Given information:
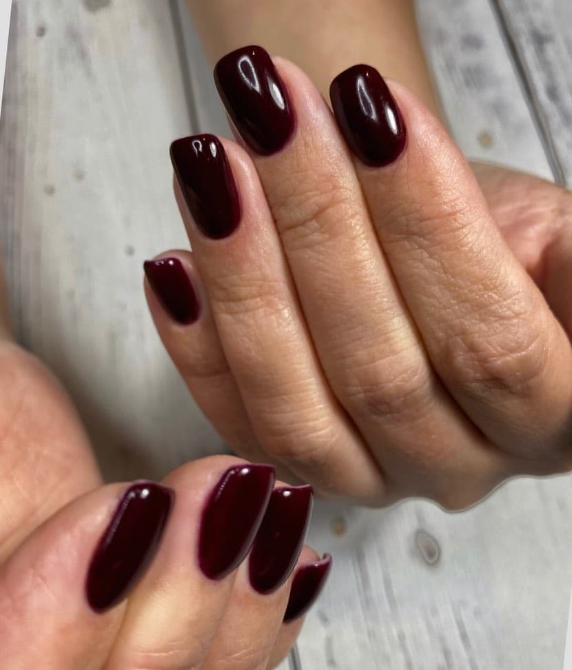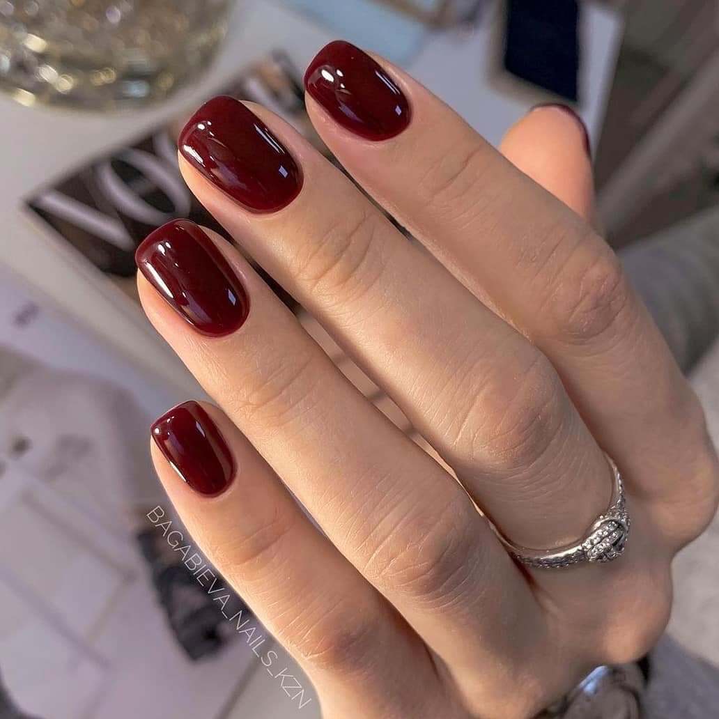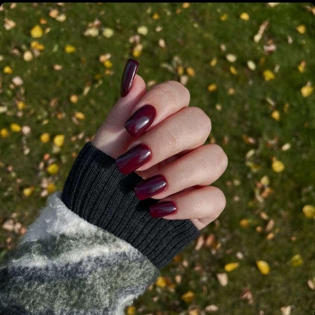 Актуальная длина и форма для бордового маникюра
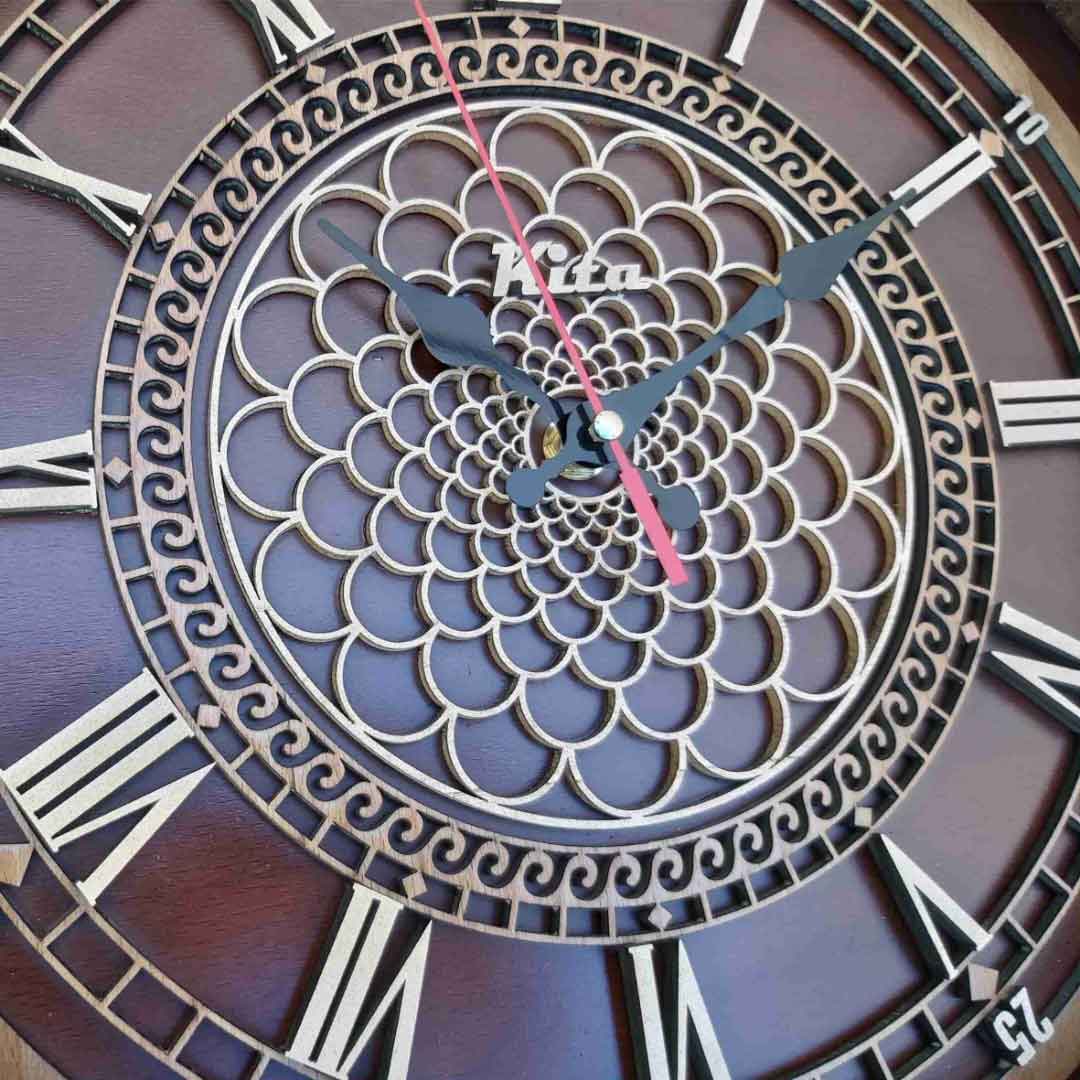 ساعت دیواری ایلما از چوب راش ساخته شده است. موتور این ساعت آرام گرد تایوانی میباشد. عقربه ی این ساعت چوبی است. همچنین مدل ایلما شیشه خور میباشد. این محصول در سایز های 40*40*4 و 60*60*6 و 80*80*6 قابل سفارش است. قیمت درج شده برای سایز 40*40 میباشد. رنگ سفید قهوه ای این مدل را با نام ساعت دیواری ایلما می توانید در سایت مشاهده کنید.
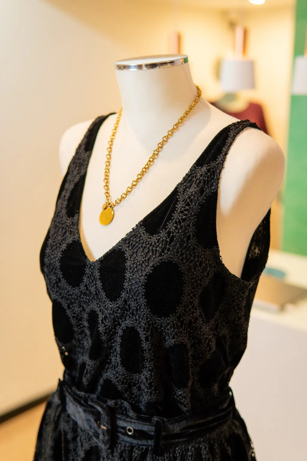 Profundidade e contraste em uma peça onde a arte têxtil encontra a silhueta feminina.
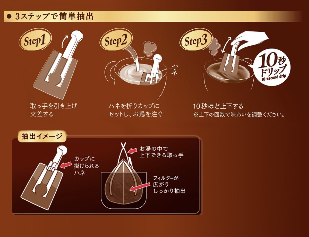 「使いやすい」「粉がこぼれない」「捨てやすい」など、使用時のストレスが少ない簡易抽出コーヒーです。
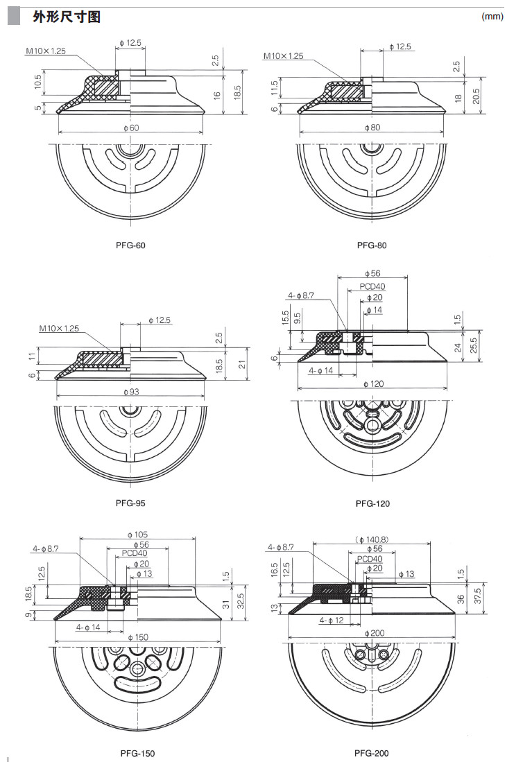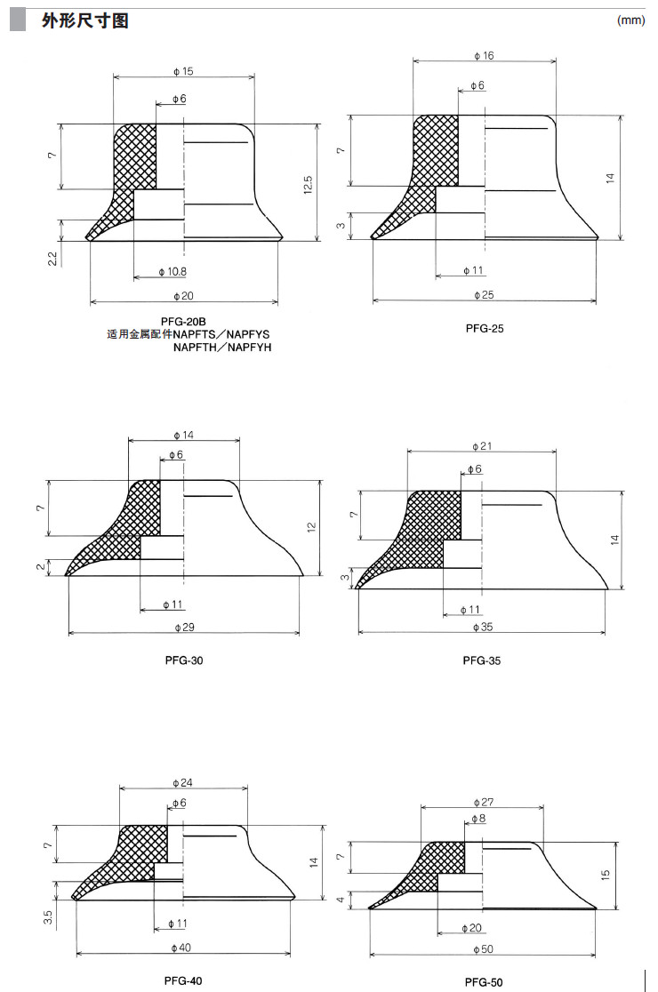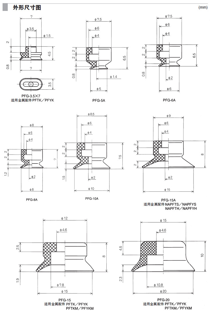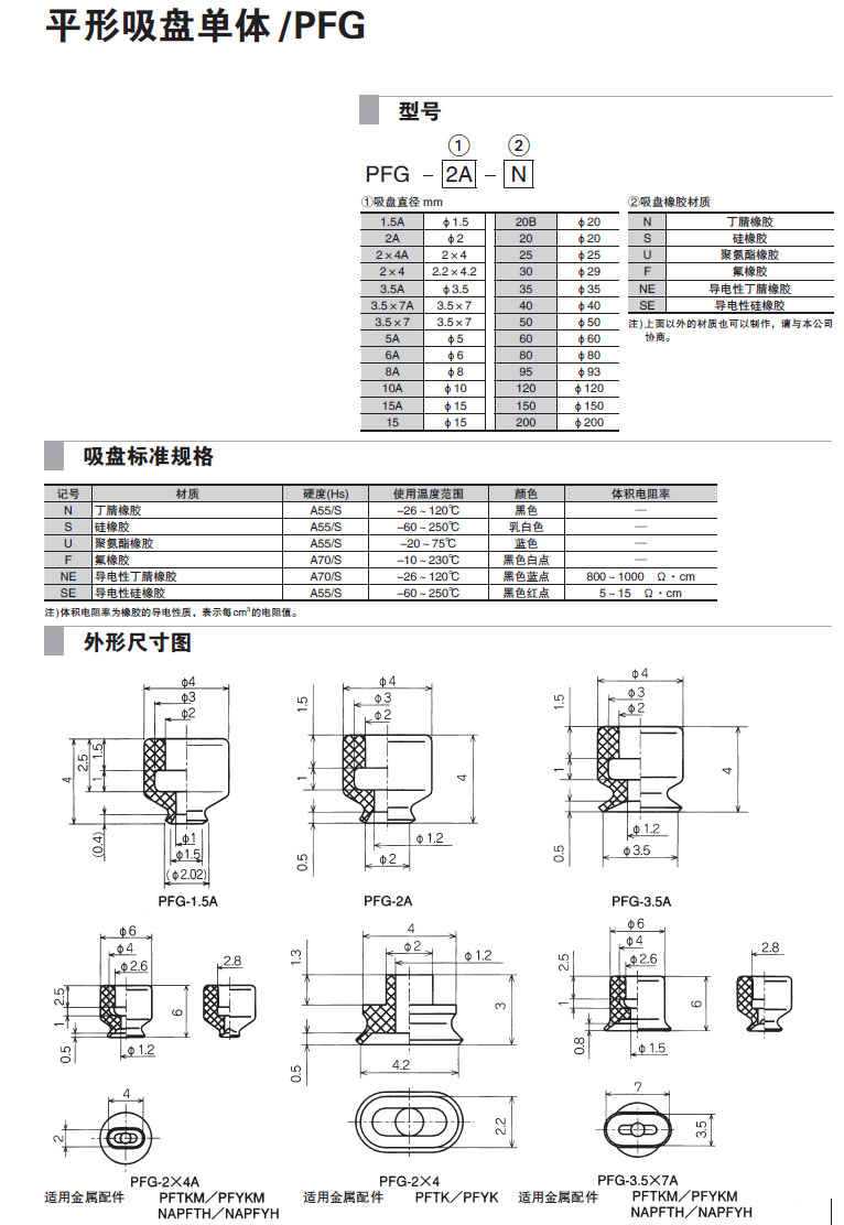 PFG-1.5A,PFG-2A,PFG-2*4A,PFG-3.5A,PFG-3.5*7,PFG-5A,PFG-6A,PFG-8A,PFG-15,吸盘
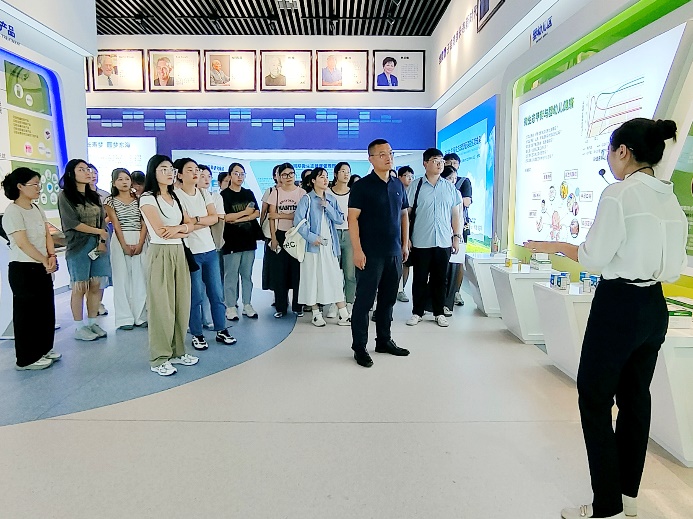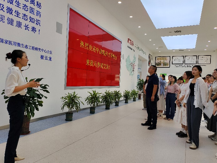 师生一行在东海药业各条线负责人的带领下参观了展示大厅、研发中心、产线、人才公寓、餐厅,了解了企业的发展历程、贵妃直播-贵妃直播官方最新肉色入口站及系列明星产品。各部门负责人重点介绍了东海药业的微生态产品理念、重大创研成果、产业化水平、人才培养体系、贵妃直播-贵妃直播官方最新肉色入口站和经营理念。
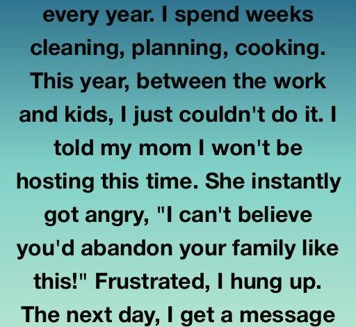 So, I called my mom. Calmly, I told her I couldn’t host this year. She didn’t hesitate. “I can’t believe you’d abandon your family like this!” she snapped. Her words stung, but not because they were new — because they weren’t. I’d spent years being treated like the family’s default event planner instead of a daughter. I hung up before I said something I’d regret.
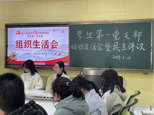 按照主题教育工作统一部署,2024年1月11日下午,pp电子游戏平台官网学生第一党支部在教一509召开2023年度主题教育专题组织生活会暨民主评议党员会议。会议由学生第一党支部书记李延卿主持,嘉兴南湖学院校党委书记倪沪平到会指导,学生第一党支部全体党员参加。
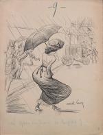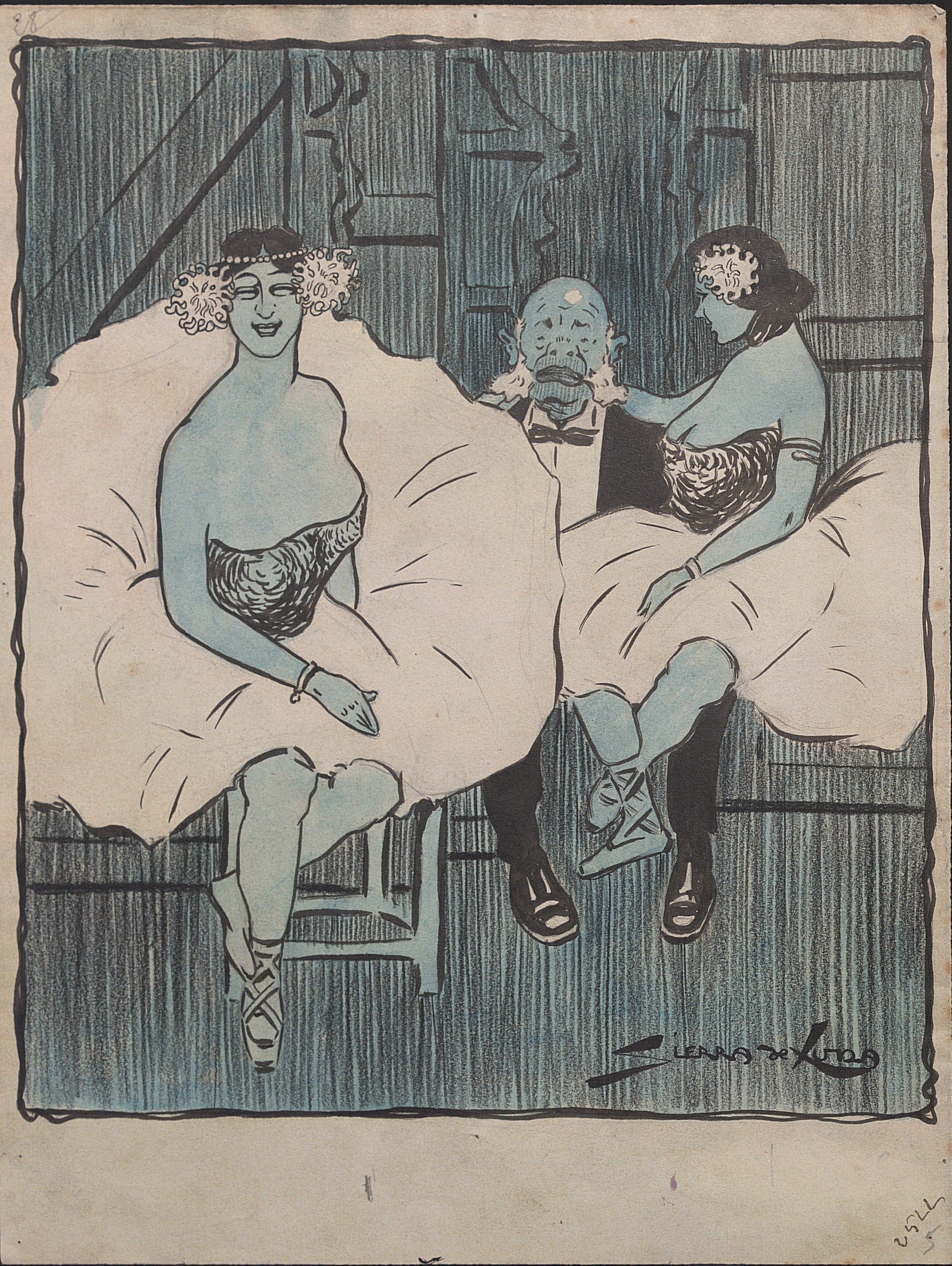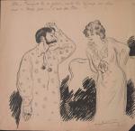 Sierra de Luna, Propos de coulisses, encre et crayon bleu, signé en bas à droite, titré et légendé à la plume au dos « Tu sais la petite Arlette s’est faite fiche une amende de un louis. Qu’est-ce qu’elle a fait? Il parait qu’elle a mordu la langue au directeur », 31,5 x 24 cm.
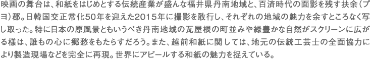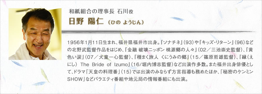 僕たちが初めて「越前和紙の里」を訪れた時に紙漉きを実演してくださったのが、田中老人役で出演している伝統工芸士の玉村久さんです。石倉三郎さんの技術指導と手の吹き替えもしていただきました。紙漉きの作業は想像を絶するほどの繊細さが要求されます。そんな中で均一な和紙を作り続ける職人さんの精神力、忍耐力に感銘を受けました。また工房を案内してくださった和紙組合の石川浩理事長はその後、福井ロケで全面的に協力していただきました。
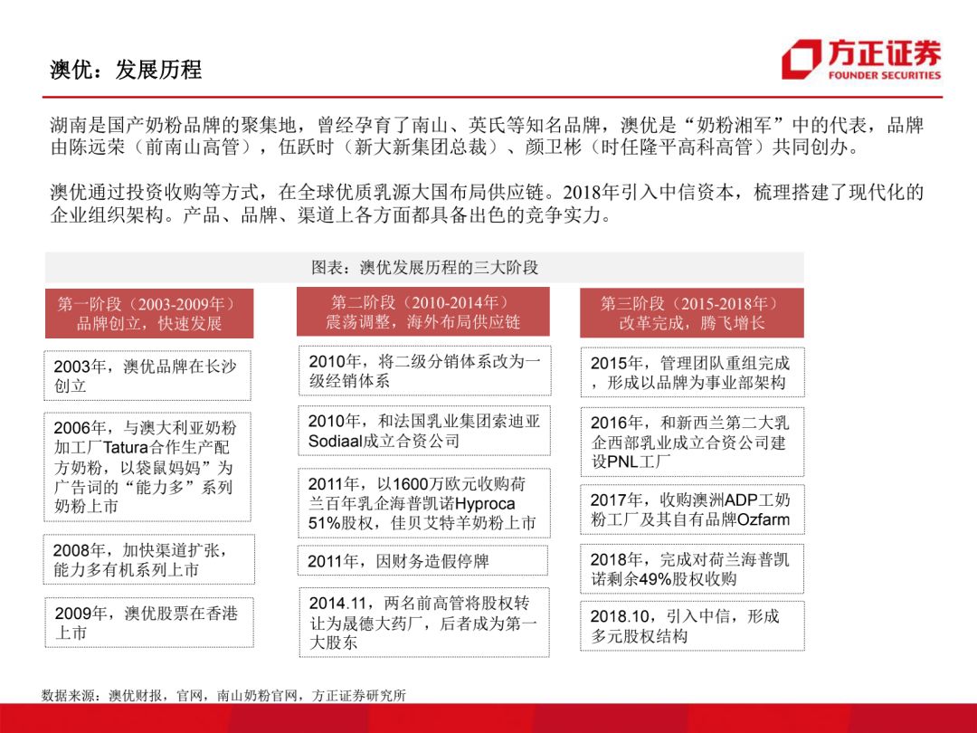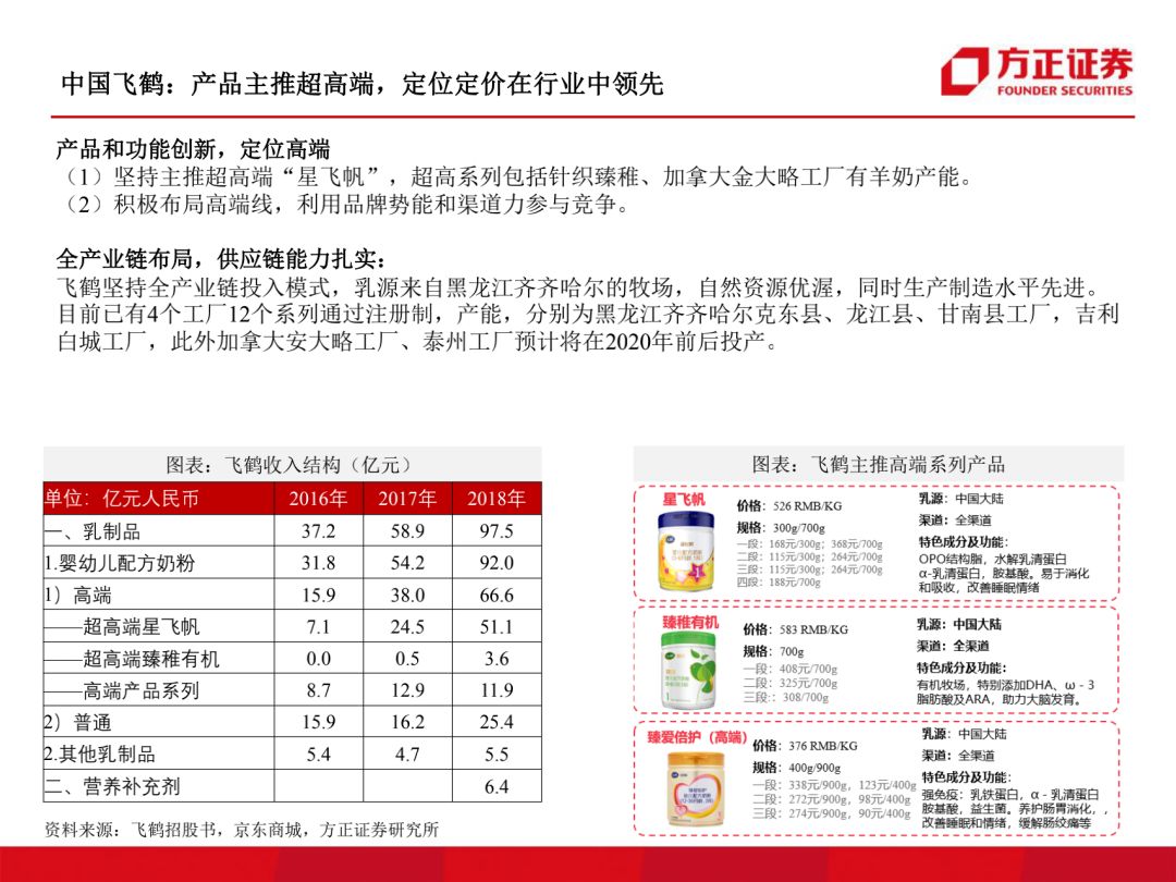(2)奶粉品牌方面,国产品牌崛起的趋势确立,龙头企业市占率快速反扑。虽然过往品牌排位频繁变动,龙头难以持续,但经过十多年的砥砺沉淀,龙头企业的供应链基础,企业治理能力已经赶超外资,同时国家出台多项政策,扶持国产企业收购整合海外乳源。品牌格局的快速变化带来投资机会,建议关注中国飞鹤(06186)、澳优(01717)。
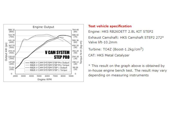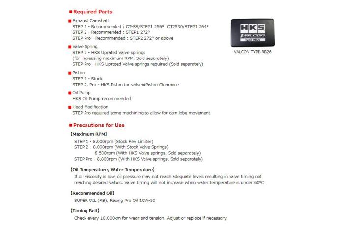With "VALCON type RB26". Machining hollow camshaft, Variance 50°, HKS Forged Pistons Required.
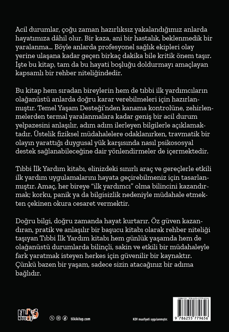 Doğru bilgi, doğru zamanda hayat kurtarır. Öz güven kazandıran, pratik ve anlaşılır bir başucu kitabı olarak rehber niteliği taşıyan Tıbbi İlk Yardım kitabı hem günlük yaşamda hem de olağanüstü durumlarda bilinçli, sakin ve etkili bir müdahaleyle fark yaratmak isteyen herkes için güvenilir bir kaynaktır. Çünkü bazen bir yaşam, sadece sizin atacağınız bir adıma bağlıdır.
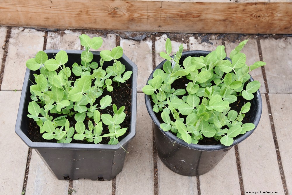 Tip: Once the peas are done, cut them off at the base rather than uprooting them. Then use the same container to grow plants that will appreciate the nitrogen. (Peas are a nitrogen fixing plant.)

Required work: Transcribe only these lines, exactly: the first line of the listing, every line after it, and the line with "师生一行在东海药业各条线负责", where the copy ends. Include no picture.

Response box:
 Актуальная длина и форма для бордового маникюра
 ساعت دیواری ایلما از چوب راش ساخته شده است. موتور این ساعت آرام گرد تایوانی میباشد. عقربه ی این ساعت چوبی است. همچنین مدل ایلما شیشه خور میباشد. این محصول در سایز های 40*40*4 و 60*60*6 و 80*80*6 قابل سفارش است. قیمت درج شده برای سایز 40*40 میباشد. رنگ سفید قهوه ای این مدل را با نام ساعت دیواری ایلما می توانید در سایت مشاهده کنید.
 Profundidade e contraste em uma peça onde a arte têxtil encontra a silhueta feminina.
 「使いやすい」「粉がこぼれない」「捨てやすい」など、使用時のストレスが少ない簡易抽出コーヒーです。
 PFG-1.5A,PFG-2A,PFG-2*4A,PFG-3.5A,PFG-3.5*7,PFG-5A,PFG-6A,PFG-8A,PFG-15,吸盘
 师生一行在东海药业各条线负责人的带领下参观了展示大厅、研发中心、产线、人才公寓、餐厅,了解了企业的发展历程、贵妃直播-贵妃直播官方最新肉色入口站及系列明星产品。各部门负责人重点介绍了东海药业的微生态产品理念、重大创研成果、产业化水平、人才培养体系、贵妃直播-贵妃直播官方最新肉色入口站和经营理念。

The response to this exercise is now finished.